Since then, DeMoss has helped evangelical leaders not only become more comfortable with the idea of a Mormon in the White House but also with Romney’s evolving position on issues like gay marriage and abortion.
“He’s absolutely trusted as a pro-life person,” Land says of DeMoss. “When he says Governor Romney is pro-life, that means something. That helps.”
Land is among the many evangelical leaders who use DeMoss to relay concerns or advice to the governor.
“Mark’s a trusted negotiator,” says Land, who had dinner with Romney and DeMoss last year.
Though Romney’s 2008 campaign was unsuccessful, DeMoss counted it as a victory that no major evangelical figure came out against him over his faith, even if few publicly endorsed his campaign.
Four years later, there still aren’t many prominent evangelicals who’ve come out publicly for Romney.
And there are questions about where Romney stands with rank-and-file evangelicals. A recent Pew poll found that, while most white evangelicals support Romney, a quarter are uncomfortable with his religion. Just one in five in that group are strongly pro-Romney.
Ten weeks before Election Day, it’s not where a Republican nominee wants a key part of his base to be.
Visiting Salt Lake
DeMoss’ case for why evangelicals can enthusiastically support a Mormon candidate echo Falwell’s arguments about why evangelicals and Mormons should be political allies.

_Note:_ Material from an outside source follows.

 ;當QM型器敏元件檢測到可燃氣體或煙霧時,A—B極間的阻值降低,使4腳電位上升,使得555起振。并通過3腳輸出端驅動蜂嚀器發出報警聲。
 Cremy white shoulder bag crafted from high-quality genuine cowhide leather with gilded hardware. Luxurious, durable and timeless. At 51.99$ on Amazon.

It goes like this: If evangelicals are OK with seeing a Mormon doctor or flying with a Mormon pilot, DeMoss reasons, shouldn’t they be OK with a Mormon president? We’re electing a commander-in-chief, not a pastor-in-chief, right?

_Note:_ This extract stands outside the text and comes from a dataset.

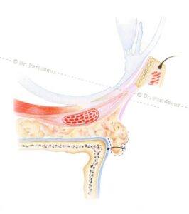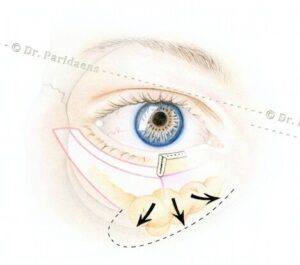 The excess fat in the lower eyelids is used to fill the hollow groove. Here you can see how the fat apron is fixed to the peritoneum (blue) under the lower eye socket edge. This means that filler injection is no longer required!
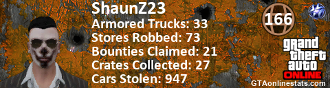 [URL=http://GTAonlinestats.com/showplayer/ShaunZ23][IMG]http://GTAonlinestats.com/crimesignature/ShaunZ23/sig.png[/IMG][/URL]

Plus, fixing the national economy – the No.1 issue in this election – doesn’t really have anything to do with religion.
In fact, DeMoss was drawn to Romney because of the candidate’s unusual breadth of experience as a businessman, governor and Olympics Committee chief with dual degrees from Harvard.
“On a personal level and a spiritual level, I might care a great deal about what somebody believes doctrinally,” he tells NPR during a phone interview from his room at the Vinroy. “In the case of presidential election, I don’t care.”

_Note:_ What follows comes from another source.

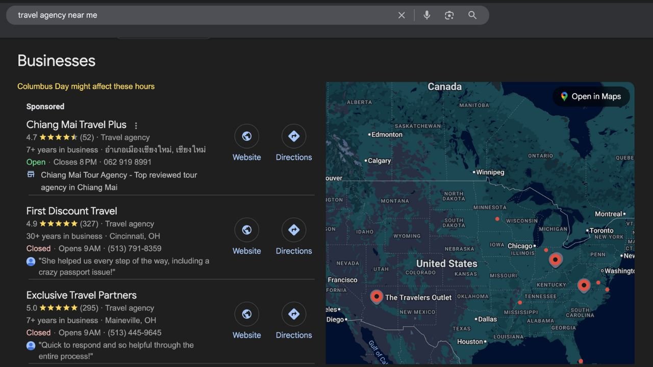 - Keyword in “ ” = Phrase Match: For example, “travel agencies near me”. This means your ad will feature for search terms such as best travel agencies near me.

After hanging up, DeMoss stays on that point: “I hope I’ve shifted a conversation about the religion of a candidate to one about the values of a candidate.”
DeMoss says that voting on the basis of a candidate’s faith is dangerous and inane. He notes that three of the most successful politicians from his own denomination, the Southern Baptist Convention, are all Democrats whom many evangelical loathe: Jimmy Carter, Bill Clinton and Al Gore.
Since January, DeMoss has spent about half his time making such arguments, stressing to clients that the work is not official firm business. Still, he suspects that some potential clients have skipped signing up with the DeMoss Group because its founder and president is pushing a Mormon candidate.
April, his wife, who’s checking her iPhone on the bed of DeMoss’ hotel room, says they’ve lost a few friends over Romney, too. But they’ve also made new Mormons friends, and have developed a deep appreciation for the Mormon faith.
On the van to the hotel to address the North Carolina delegation, Mark and April trade stories with their Mormon driver, a convention staffer, about their respective visits to Salt Lake City, where the Church of Jesus Christ of Latter-day Saints is headquartered.
Later, DeMoss talks about being turned off by the evangelical street preachers he’d seen on the street corners there, preaching to Mormons in town for the church’s annual general assembly. How could such evangelizers hope to convert anybody in the 30 or so seconds it takes to wait for the light to change?
For DeMoss, the episode represents a civility deficit when it comes to the evangelical treatment of Mormons. He sees his work with Romney partly as a corrective.
Whether DeMoss can help soften the evangelical line toward Mormons is an open question. So is whether he can get enough of his brethren to go a giant step further and vote for a Mormon for president.